EZB Lagardes Rede: Inflation wird sich mittelfristig auf das 2%-Ziel stabilisieren
| |Automatische ÜbersetzungZum OriginalDie Präsidentin der Europäischen Zentralbank (EZB), Christine Lagarde, sagte in ihrer einleitenden Erklärung vor dem Ausschuss für Wirtschaft und Währung (ECON) des Europäischen Parlaments während der europäischen Handelszeiten am Donnerstag, dass die Inflation in der Eurozone voraussichtlich im mittelfristigen Zeitraum auf dem Ziel von 2 % der Zentralbank stabilisieren wird.
Bemerkungen
Wir können jetzt sehen, dass unsere Bemühungen, die Inflation zu senken, erfolgreich waren.

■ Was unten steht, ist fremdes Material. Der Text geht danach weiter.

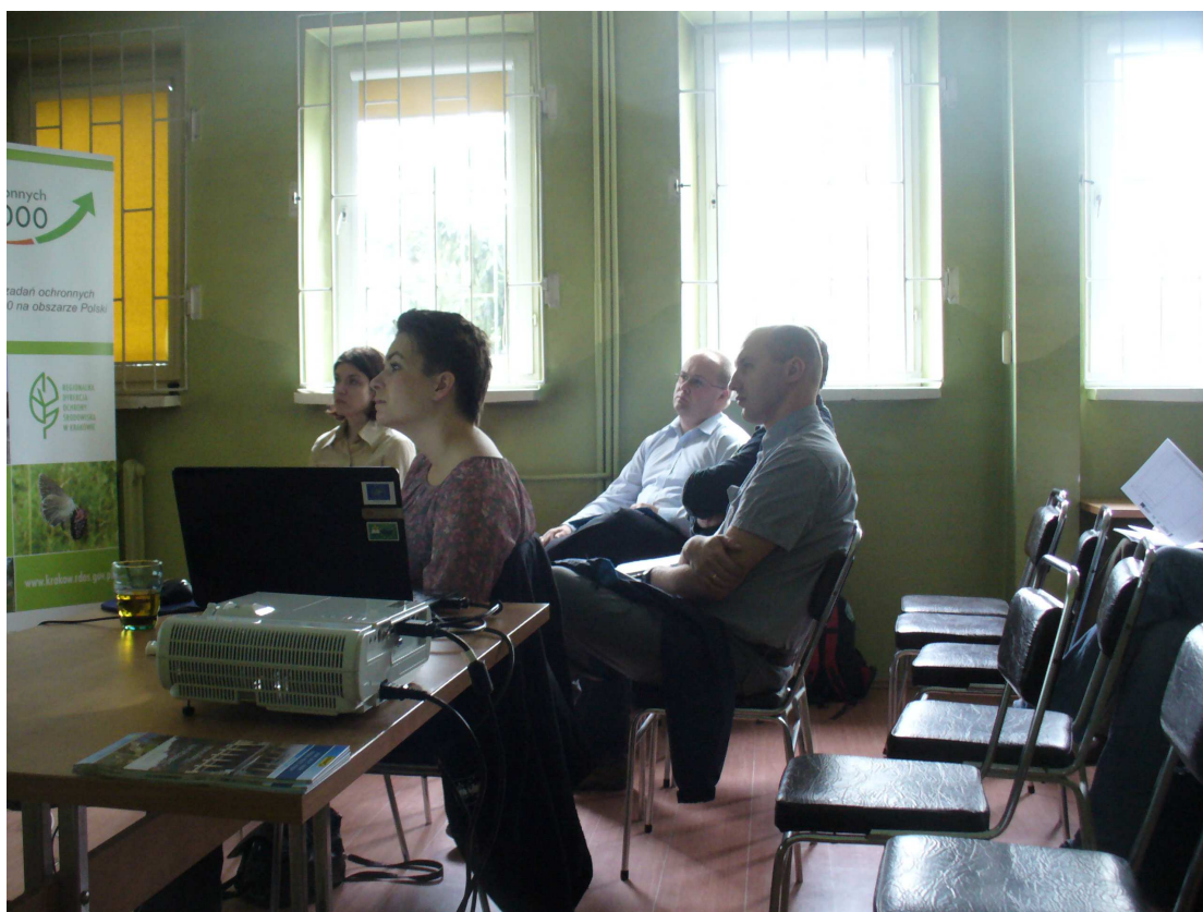
III warsztaty konsultacyjne – Dolina Dolnej Soły
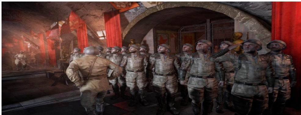
FIGURA 4. SOLDADOS EN UNA DE LA ESTACIONES DE LA LÍNEA ROJA. METRO LAST LIGHT REDUX (A4 GAMES, 2015B)
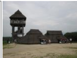
物見櫓と竪穴式住居

最初の見学地は、佐賀県の吉野ヶ里歴史公園です。吉野ヶ里歴史公園は長い弥生時代のすべての時期の建物が残された遺跡です。まず、竪穴式住居、物見櫓、北内郭、高床倉庫を見学しました。次に、勾玉づくりを体験しました。世界に一つだけ、自分だけの勾玉づくりに、集中して挑戦しました。
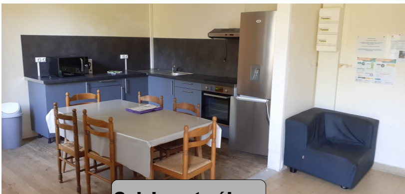
Cuisine et séjour
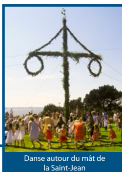
Danse autour du mât de la Saint-Jean
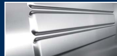
Seitenwände für Hygieneschrank
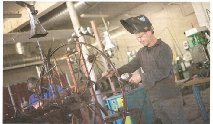
L'artiste landais Olivier Louloum

À Clairac, les élèves du lycée agricole et technique ont été mis à contribution pour créer « La Fontaine aux trois vaches », d'Olivier Louloum. « L'idée était de récupérer de vieilles machines agricoles, de les démonter et d'en faire une sculpture-fontaine mais dans un esprit agricole. » Les roues des charmes devinrent ainsi des moulins à eau qui, en tournant, activent des mécanismes, notamment trois têtes de vache. « C'est une structure cinématique. Une référence aux machines spectacle de Jean Tinguely. Je me suis amusé à faire un parallèle avec les Trois-Grâces de Bordeaux, la sculpture-fontaine sur les quais », ajoute l'artiste landais. Cette étonnante installation fait partie d'une série de 11 œuvres exposées jusqu'au 30 septembre dans 11 villages du pays Val de Garonne-Guyenne-Gascogne. Un projet dont l'archéologie a été confiée à Christophe Doucet, autre grand artiste plasticien, à qui l'on doit notamment la Forêt d'art contemporain dans le Parc naturel régional des Landes.

Wir erwarten, dass die Lebensmittelinflation weiterhin zurückgeht und sich bis Ende 2026 etwas über 2 % stabilisiert.
Die Aktivität wird voraussichtlich durch steigendes Arbeitsentgelt in einem widerstandsfähigen Arbeitsmarkt sowie durch Investitionen in Verteidigung, Infrastruktur und digitale Technologien unterstützt.
Beobachten Sie den FX-Markt, zielen Sie nicht darauf ab.
Keine Anzeichen für Entlassungen im Arbeitsmarkt durch KI.
Wir sind wirklich überzeugt, dass wir einen datenabhängigen Ansatz beibehalten sollten.
Wir sind in einer guten Position, aber agil.
Marktreaktion
Der Euro (EUR) scheint leicht negativ auf die Kommentare von EZB-Präsidentin Lagarde reagiert zu haben. Zum Zeitpunkt der Erstellung dieses Berichts handelt EUR/USD leicht niedriger bei etwa 1,1800.
EZB - Häufig gestellte Fragen (FAQ)
Die Europäische Zentralbank (EZB), mit Sitz in Frankfurt am Main, steuert die Geldpolitik der Eurozone. Ihr Hauptziel ist die Preisstabilität, definiert durch eine Inflationsrate von rund 2 %. Durch Anpassungen der Zinssätze beeinflusst die EZB maßgeblich den Wechselkurs des Euros, der tendenziell durch höhere Zinsen gestärkt und durch niedrigere geschwächt wird.
In extremen Situationen kann die Europäische Zentralbank ein Instrument namens Quantitative Easing (QE) einsetzen. QE bedeutet, dass die EZB Euros druckt und diese verwendet, um Vermögenswerte – in der Regel Staats- oder Unternehmensanleihen – von Banken und anderen Finanzinstitutionen zu kaufen. QE führt in der Regel zu einer Abschwächung des Euros. Es wird als letztes Mittel eingesetzt, wenn Zinssenkungen allein das Ziel der Preisstabilität nicht erreichen können. Die EZB setzte QE während der Finanzkrise 2009-2011, 2015 bei anhaltend niedriger Inflation und während der COVID-19-Pandemie ein.
Quantitative Straffung (QT) ist das Gegenteil von QE: Statt Staatsanleihen zu kaufen, stellt die EZB den Ankauf ein und reinvestiert fällige Beträge nicht mehr. Dies wirkt sich in der Regel positiv auf den Euro aus, da es die Liquidität am Markt verringert.